It's easy to agree that there's lots of software floating around, but that not
a lot of it is good. That's particularly true about enterprise software (I
used to work in the field). It doesn't have to be good. You could have an
excessively complicated UI and do your numerics in Python (for the love of
God, numerics and statistics in Python?) and people will still use it. The
damn app can take 12 seconds to load, and people will still use it. How are
you going to sell Haskell to the enterprise community when that's their bar?

If people want to write code in Haskell for a living, if they're serious about
this freeing-software-from-the-von-Neumann-paradigm thing, they should seek
out problem spaces where software quality matters. This is hardly the sole
core competency of Haskell, IMO. When one of my friends was introduced to it,
he noted that it was a very "scientific" language. Which is to say, he thought
it was impractical for regular software.

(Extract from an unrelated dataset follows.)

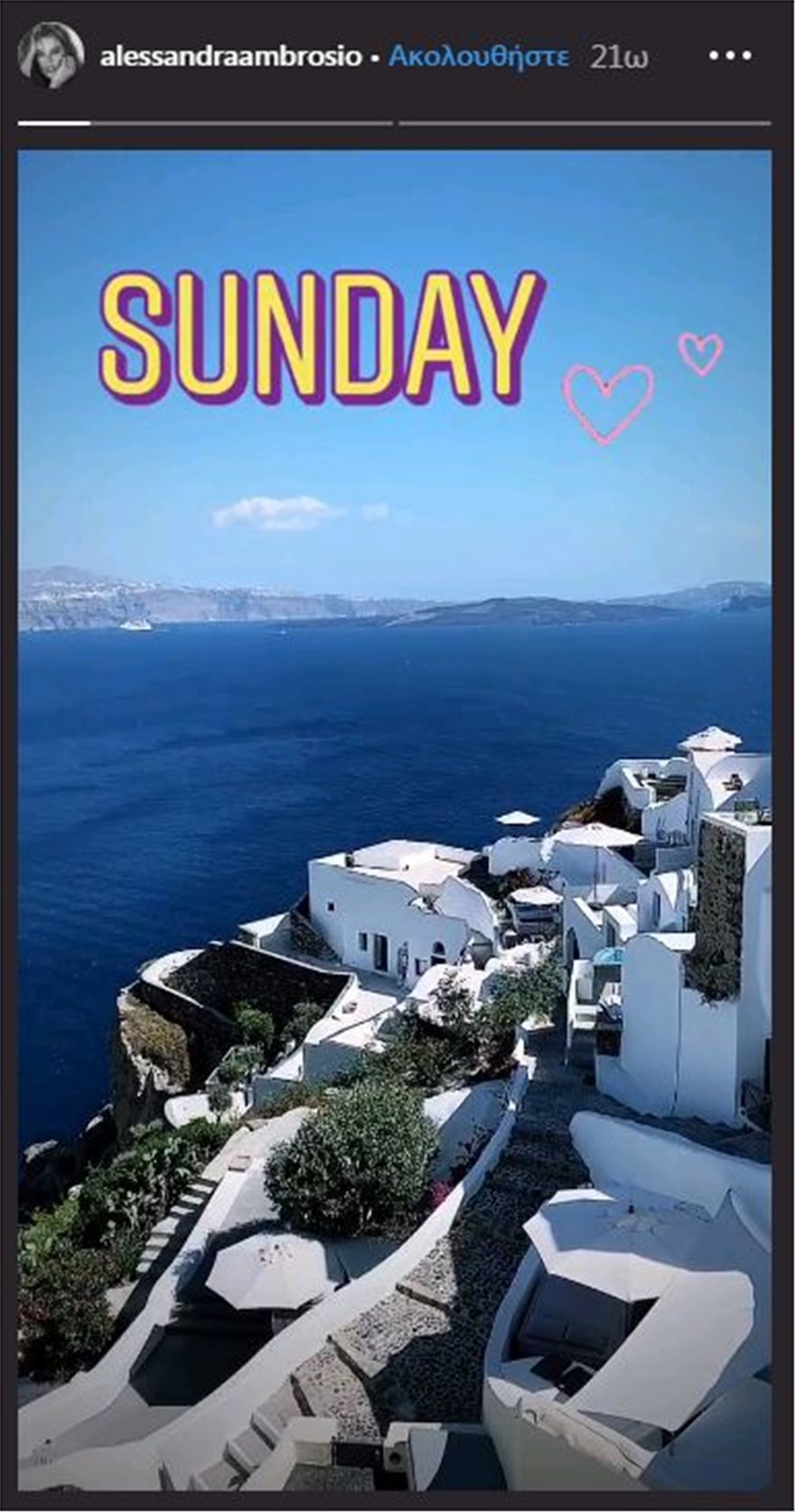 Όπως φαίνεται βρίσκεται στην Οία, ενώ αν κρίνουμε από τις καρδούλες με τις οποίες συνοδεύει όλες τις αναρτήσεις της για την Σαντορίνη, το νησί της έχει κλέψει την καρδιά!

The flip side to this is that we can
very easily do things like check for gene sequences in Haskell (Brian
O'Sullivan was doing something like this).

The fact that things like sets and maps are treated like values means that
they are very natural and easy to work with (albeit a little slower than their
mutable counterparts in other languages), so why aren't we seeing Haskell used
to analyze social networks? Haskell is a powerful language. We just need to
see it for what we _could_ do with it, rather than redoing the old things that
have already been done.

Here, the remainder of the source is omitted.